Les taux des prêts relais secs sont parfois assez bas. Ainsi, une banque partenaire de Meilleurtaux propose des taux allant de 2,70 % à 2,95 % selon qu’un compromis de vente a déjà été signé ou non et que vous optez pour un différé ou non du paiement des intérêts. Il est même possible d’opter pour un différé de remboursement des intérêts du prêt relais ou/et de l’amortissement du capital du prêt de long terme adossé. Malgré cela, les particuliers hésitent à y recourir et les banques à en accorder. Tout dépend du bien. Pour les plus faciles à vendre, le prêt relais remplit plutôt une fonction technique : certains clients en souscrivent un, alors même qu’ils ont déjà signé un compromis de vente pour sécuriser l’opération. D’une durée de quelques mois, il apporte plus de confort à un coût peu élevé (voir Le prêt relais, pas si cher...). Mais un prêt relais peut vous mettre dans une situation financière périlleuse. Si vous souscrivez parallèlement un crédit immobilier classique pour financer le nouveau bien, il vous faudra rembourser deux mensualités conjointement. Pour limiter les risques, il faut intégrer dès le départ l’éventualité d’un réajustement du prix de vente à la baisse ou étudier la possibilité de sa mise en location.

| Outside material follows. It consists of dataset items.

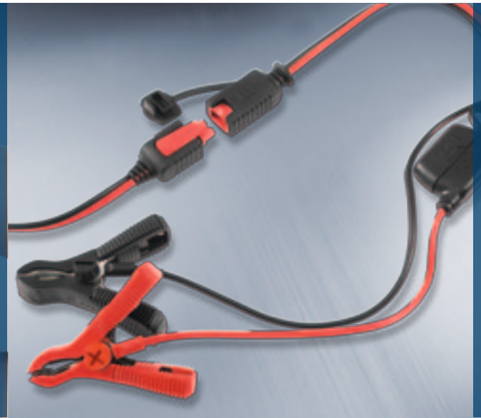
New! Battery charging cable with plug-in connection
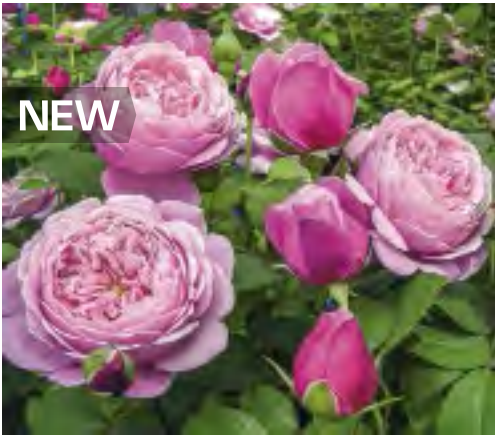
CATHEDRAL BELLS™ cv. 'DElamo' Shrub

Supremely luscious, very full and cupped pink blooms with a strong fragrance of anise and lavender delight in the garden. Vigorous growth habit and an upright, arching form with good disease resistance. Use with a trellis in containers or along fences.
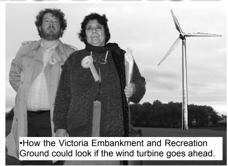
How the Victoria Embankment and Recreation Ground could look if the wind turbine goes ahead.

"There are plenty of industrial parks nearby that would be perfect this project."
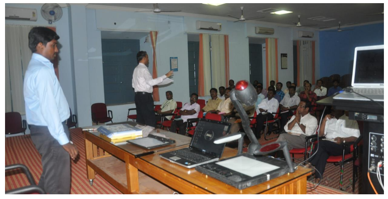
SHIFT - II
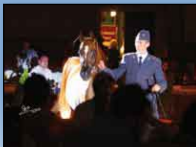
Lot 14 - Faseta
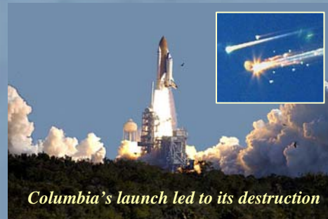
Columbia's launch led to its destruction

Revelation 18:5 (KJV) For HER [America-Babylon the Great's] SINS HAVE REACHED UNTO HEAVEN , and God hath remembered her iniquities.
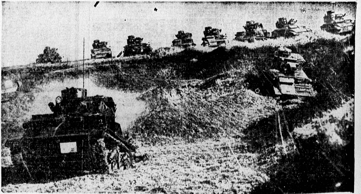
Surpassing in ferocity and terror anything which might be imagined was the terrific battle which took place May 13th when an estimated 2,000 tanks—land battleships—met in head-on conflict in the heart of Belgium.
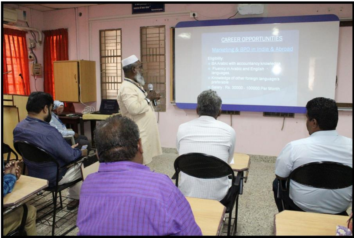
FACULTY OF ARTS DELIVERED POWER POINT PRESENTATION ABOUT “CAREER OPPORTUNITIES AND HIGHER EDUCATION” ON 10.02.2020

Vendre pour se mettre en location : un pari risqué

À l’opposé, certains propriétaires vendent d’abord, empochant une plus-value souvent substantielle, et s’installent en location en pariant sur une baisse des prix. C’est ce qu’a fait d’ailleurs Nicolas, qui, après avoir revendu sa maison de Saint-Maur-des-Fossés, s’est mis provisoirement en location en pariant sur une baisse des prix. « Le loyer me coûte 2 000 € par mois, mais je serai gagnant si le type de bien que je convoite chute d’au moins 4 % d’ici à un an », déclare Nicolas. Le pari est néanmoins risqué. Vous devrez verser des loyers à perte. Et vous aurez plus de frais que dans une classique opération d’achat et revente : deux déménagements, ouverture des contrats d’électricité, de gaz et d’eau et, si vous passez par un professionnel, le paiement de ses honoraires. L’opération ne sera intéressante que si les prix baissent sensiblement (voir Simulation : faut-il louer en attendant une baisse des prix ?) Or, rien n’est moins sûr pour les biens de qualité situés dans les zones recherchées. De plus, même si elle n’est pas imminente, vous vous exposez à une remontée des taux d’intérêt. « Si les taux remontent de 1 point, on perd 7 % de pouvoir d’achat », rappelle Bernard Cadeau, président du réseau d’agences immobilières Orpi.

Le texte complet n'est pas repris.